Okay lets start this entry.... Well two start off with my mind, I am feeling mixed emotions! In fact I am feeling almost all the basic moods. Happy- Because I am growing closer to a old friend who I never thought I would get this close to again.... But you know what I like it, I mean we stopped being friends for quite some time, and when I think about... I think we just needed to take a break and start over because right now it's going great. *knocks on wood* Sorry don't wanna jinx myself. Anyways also Sad- Because I am lonely.... Just wanting to feel wanted&loved/you know what I mean! Also Angry- Because My parents do not see and don't understand my feelings/relationship towards Mr. D. I let them see what they wanted to see, I made them see my relationship towards him as a brotherly/sister kind of thing... But really him and I could be much more, but only my parents can't see it! And It bugs me because I don't think they ever will, my mom will never approve and my father will always say we'll discuss this later, and then puts it off!..... Pressured- My school/ grades/ being a good daughter and student.
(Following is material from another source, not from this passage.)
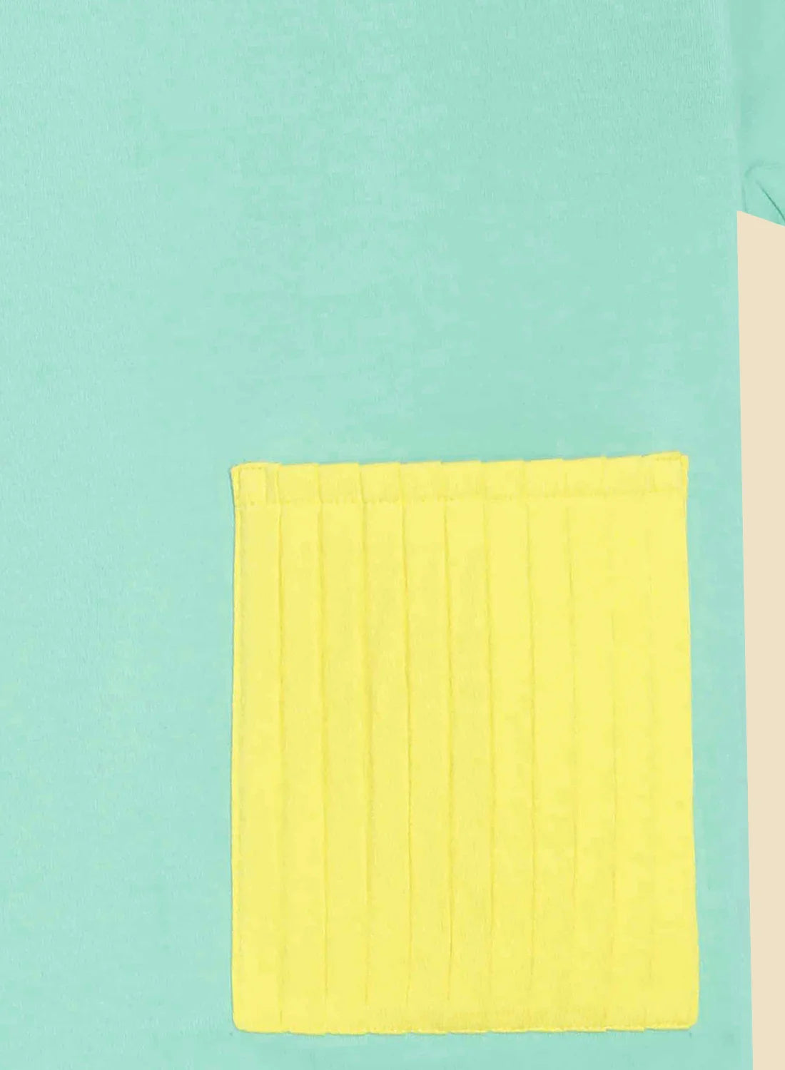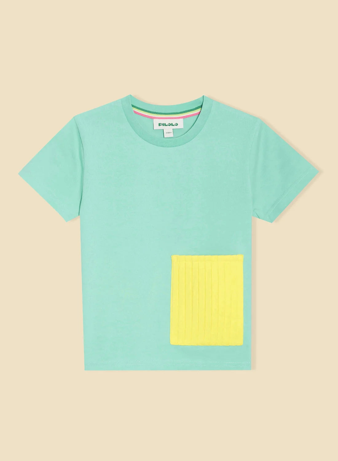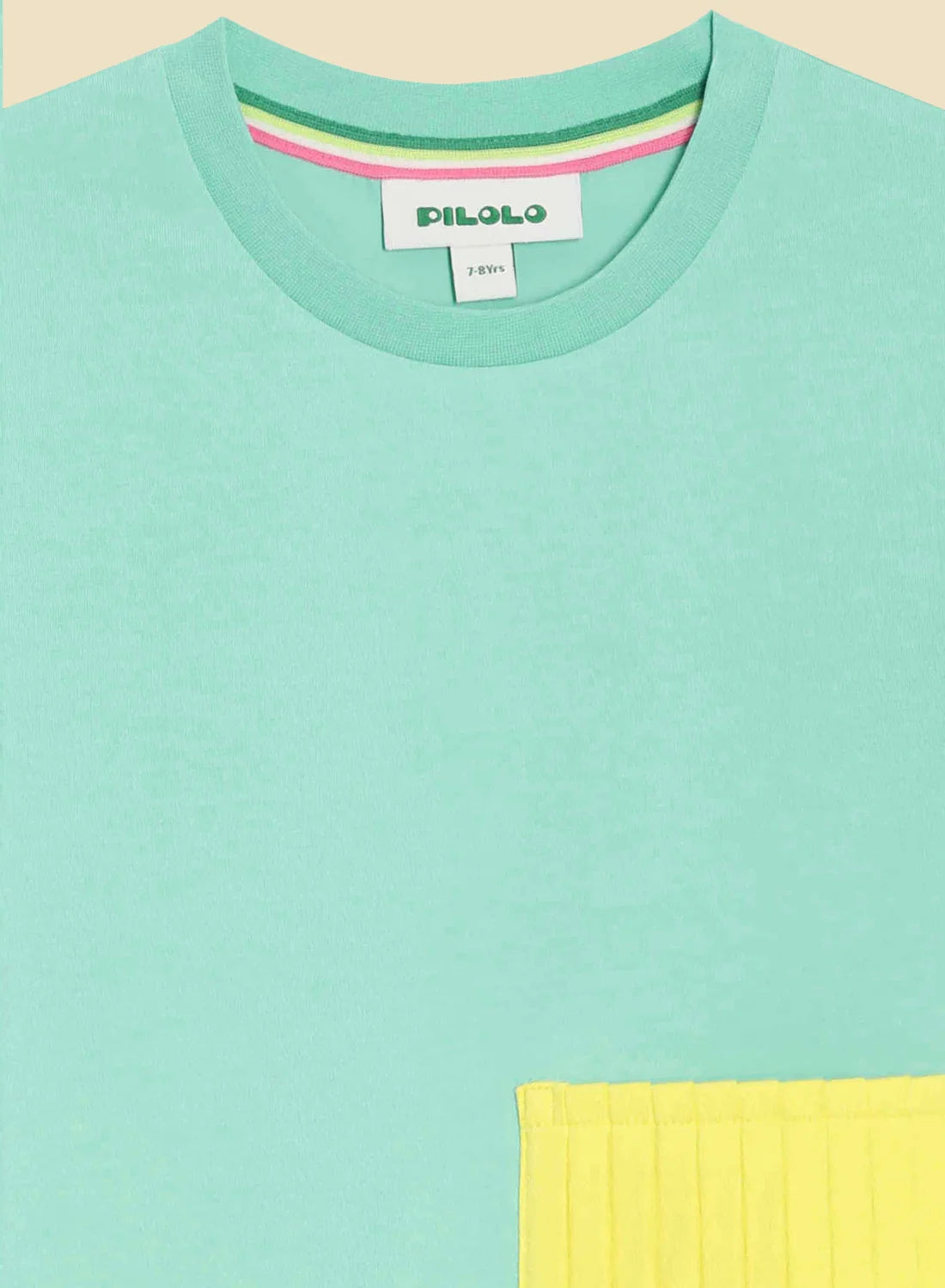 This Pilolo Kids Wear T-shirt is made fun and playful with an eye-catching yellow pleated, origami-inspired pocket.

See and there's more but that would just take to long!
Well off of boys topic.... I am growing closer to Ms. A! And it shocks me because I would have never thought of me and her becoming this close a few months ago. But you know what it's okay! Because I would rather be a close friend or even a friend to her than not at all.
I would type more but well... I got to go talk to some friends and dream! so night night!